Ive either never had it before, or if I did, I didn't know that was what I was eating.

So I'm wondering if anyone has had it before.  If so, can you kinda compare it to another kind of cheese ( taste, consistency...) (if possible) so I can have a better idea what I'm getting myself into.

There are few cheeses I dont like, so Im sure Ill be ok, but Id prefer the heads up in advance.

Thanks,

Larry


----------



## GotGarlic (Jan 8, 2014)

It sounds pretty good to me: http://turkishfood.about.com/od/DiscoverTurkishFood/ss/The-Most-Popular-Turkish-Cheeses_4.htm


----------



## Steve Kroll (Jan 9, 2014)

I spent 3 weeks in Turkey during the Gulf War (hard to believe it's been more than 20 years ago), and on most mornings breakfast consisted of Kashar cheese, olives, toast with jam, and coffee. It sounds like a weird combination but it works.

There are lots of variations. The one I had most often was sort of a nondescript salty cheese. You'll see people compare it to Parmesan, but I found it more to be like salty Gouda.


----------



## Steve Kroll (Jan 9, 2014)

Also, I know you're vegetarian. One of the tastiest meals I had there was a cheese ravioli with tomato sauce and yogurt. I don't remember the name but it was delicious!


----------



## GotGarlic (Jan 9, 2014)

Steve Kroll said:


> I spent 3 weeks in Turkey during the Gulf War (hard to believe it's been more than 20 years ago), and on most mornings breakfast consisted of Kashar cheese, olives, toast with jam, and coffee. It sounds like a weird combination but it works.



I had that same tasty breakfast when I visited Turkey in 2003; the ones I had usually also included some sliced cucumber and/or tomato and a fried or hard-boiled egg. Really good and healthy. I didn't realize that's the type of cheese it was, though. I thought it was farmer's cheese - very fresh and not aged. I need to check our local Middle-Eastern market and see what they have.


----------



## jennyema (Jan 9, 2014)

Fresh kashar is the breakfast cheese.  It's a mild white cheese sort of like provolone.

Aged kashar is more like pecorino romano or parmesan


----------



## larry_stewart (Jan 9, 2014)

Great info , guys and gals, I appreciate it.  Im looking forward to all my tasty selections when I ultimately go there for dinner.

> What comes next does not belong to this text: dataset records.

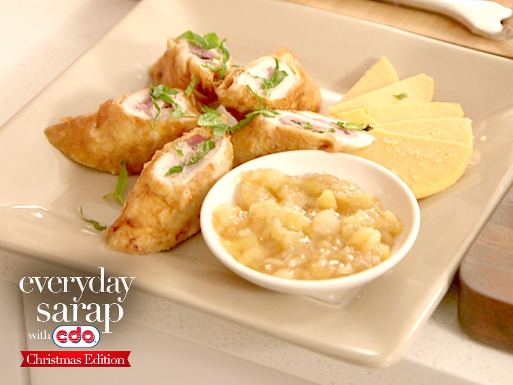 1. Roll up one slice of Holiday Whole-Meat Ham, top with bell pepper and basil and place it on the chicken breast.
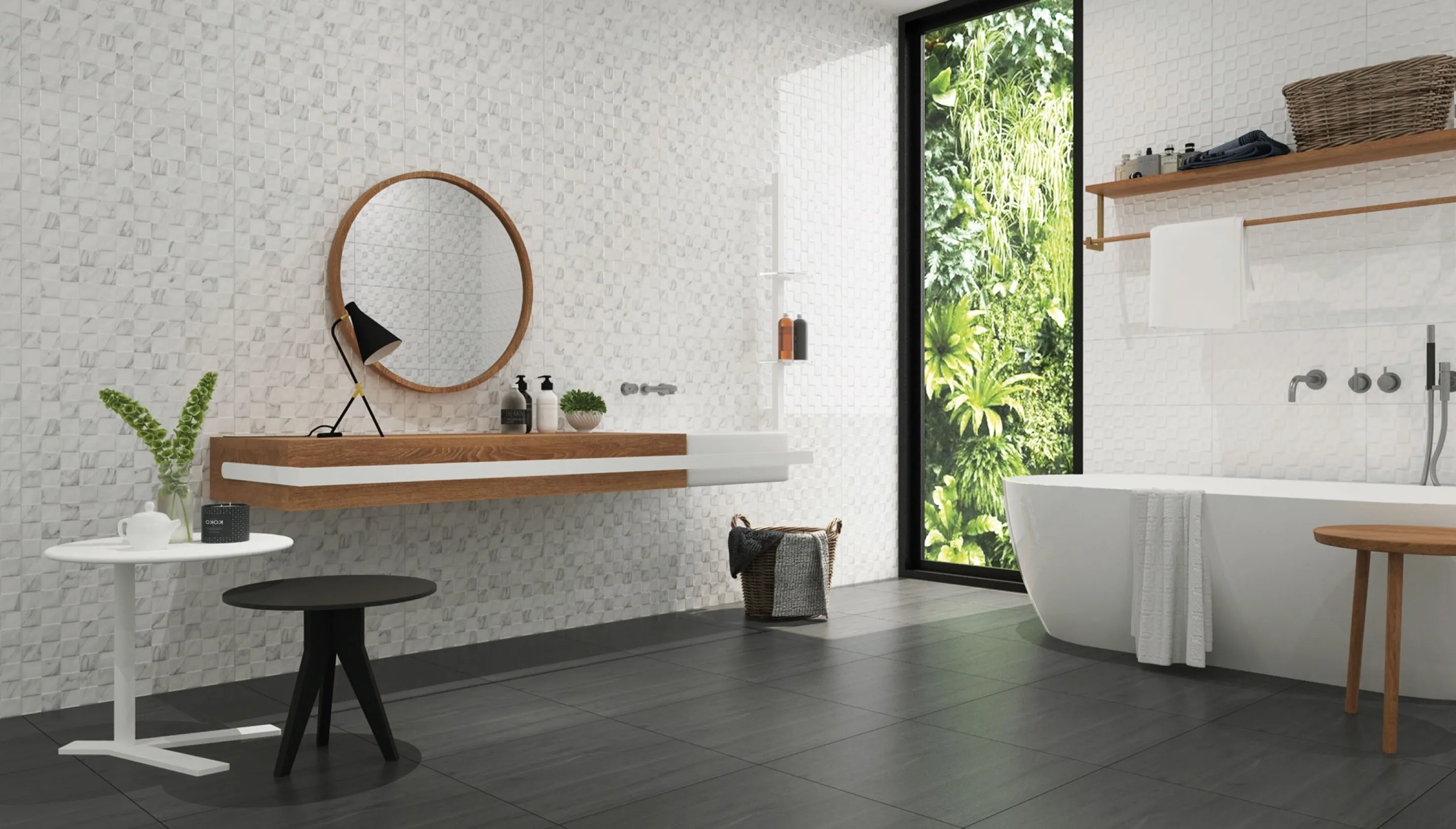 Toledo tiles feature a subtle geometric relief that adds quiet dimension to surfaces without overwhelming the space. Their clean white tone enhances light and openness, making Toledo an ideal choice for interiors that seek refined texture, balance, and understated elegance.
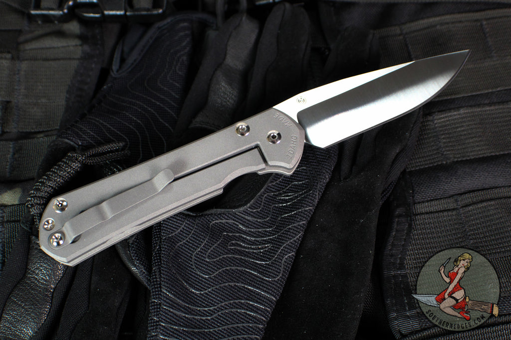 Chris Reeve Classic Sebenza 31 Large Model. Titanium 6AL4V Handle that has been polished on show side and sandblasted to a dark gray color on lock side. Stonewashed drop point blade in Magnacut.
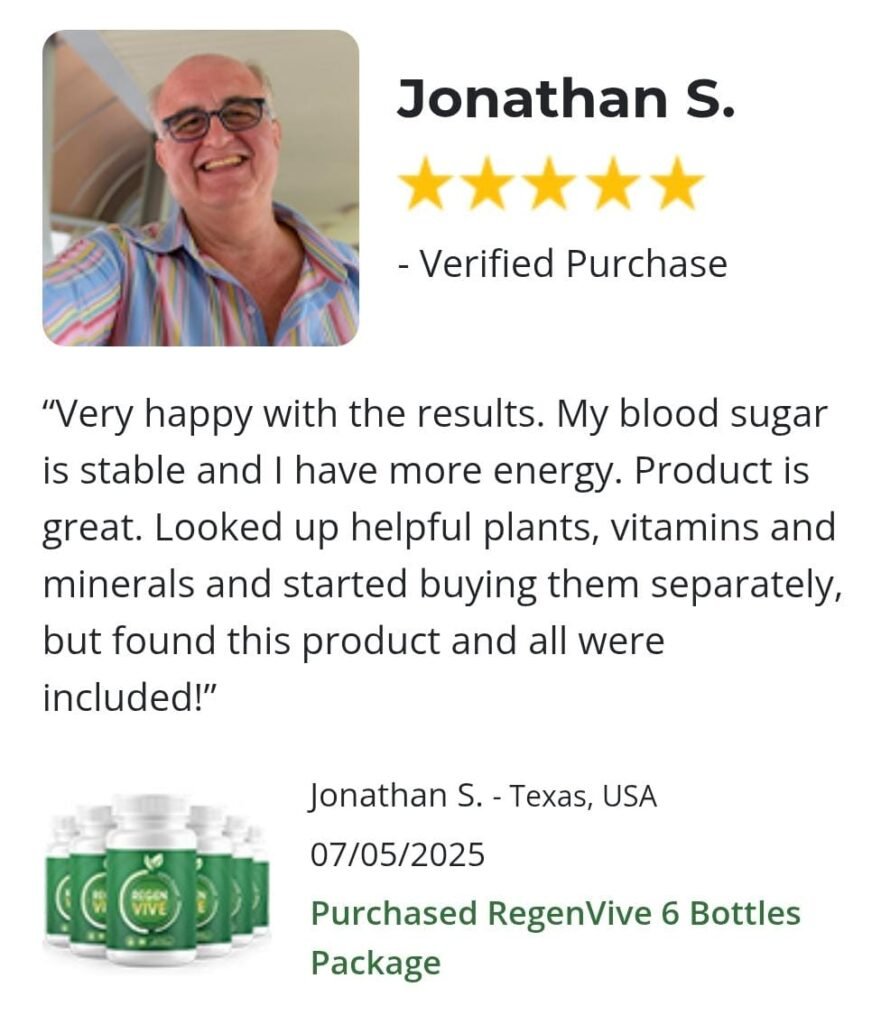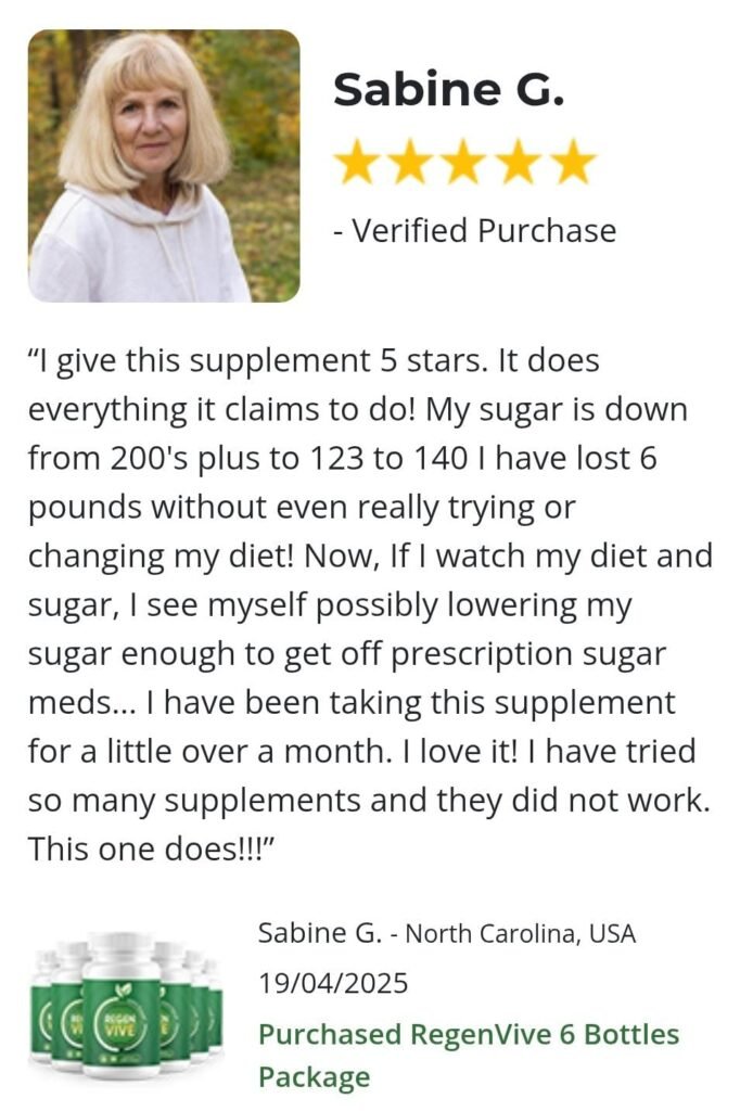 RegenVive is a natural supplement designed to help maintain healthy blood sugar levels, support insulin sensitivity, and enhance metabolic wellness. Its advanced formula uses proven ingredients to promote glucose balance and overall vitality — without drugs or harsh chemicals.
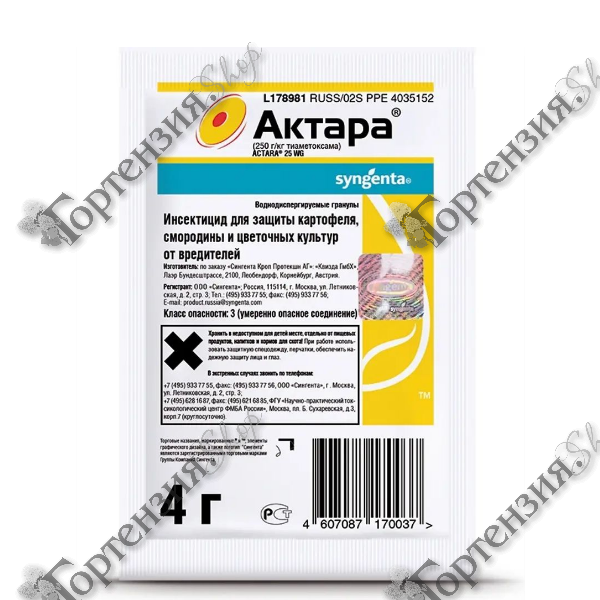 Актара – сильнейший инсектицид для защиты картофеля, смородины и цветочных культур от вредителей. Воднодиспергируемые гранулы. Проникая внутрь растения сохраняет длительную активность против основных вредителей сельскохозяйственных культур. Позволяет бороться со многими видами вредителей.

I like most cheeses ( do I need to pluralize cheese???) .  Very few I dont like .  I think stilton is one of them.  I remember another when i went to a food and wine show.  I forgot its name, but it smelled and tasted so bad, I thought , for sure, that it was a joke, and someone was filming the reactions of the people who tasted it.  Now Im rambling, but I do remember another cheese served on a cracker with hazelnuts and honey.  That was delicious.


----------



## larry_stewart (Jan 9, 2014)

Steve Kroll said:


> Also, I know you're vegetarian. One of the tastiest meals I had there was a cheese ravioli with tomato sauce and yogurt. I don't remember the name but it was delicious!



How was the yogurt incorporated into the dish?  was it on the side?   mixed in with the tomato sauce?   in the ravioli filling ??  

Just curious


----------



## Steve Kroll (Jan 9, 2014)

larry_stewart said:


> How was the yogurt incorporated into the dish?  was it on the side?   mixed in with the tomato sauce?   in the ravioli filling ??
> 
> Just curious



The dish was in layers. The ravioli (meat or cheese filling) was on the bottom. That was topped with a very simple tomato sauce. And then the yogurt was just dolloped on top.

I never would have thought to put yogurt and tomato together on the same plate, but it was really good.


----------



## Steve Kroll (Jan 9, 2014)

Thinking about this made me hungry for it, so I did some research. Apparently it's called "Manti". Most of the recipes I found called for a minced lamb filling, and the red  sauce is paprika and garlic based. But I'm almost certain the meal I remember had tomato in it.

Now I need to find a good recipe.


----------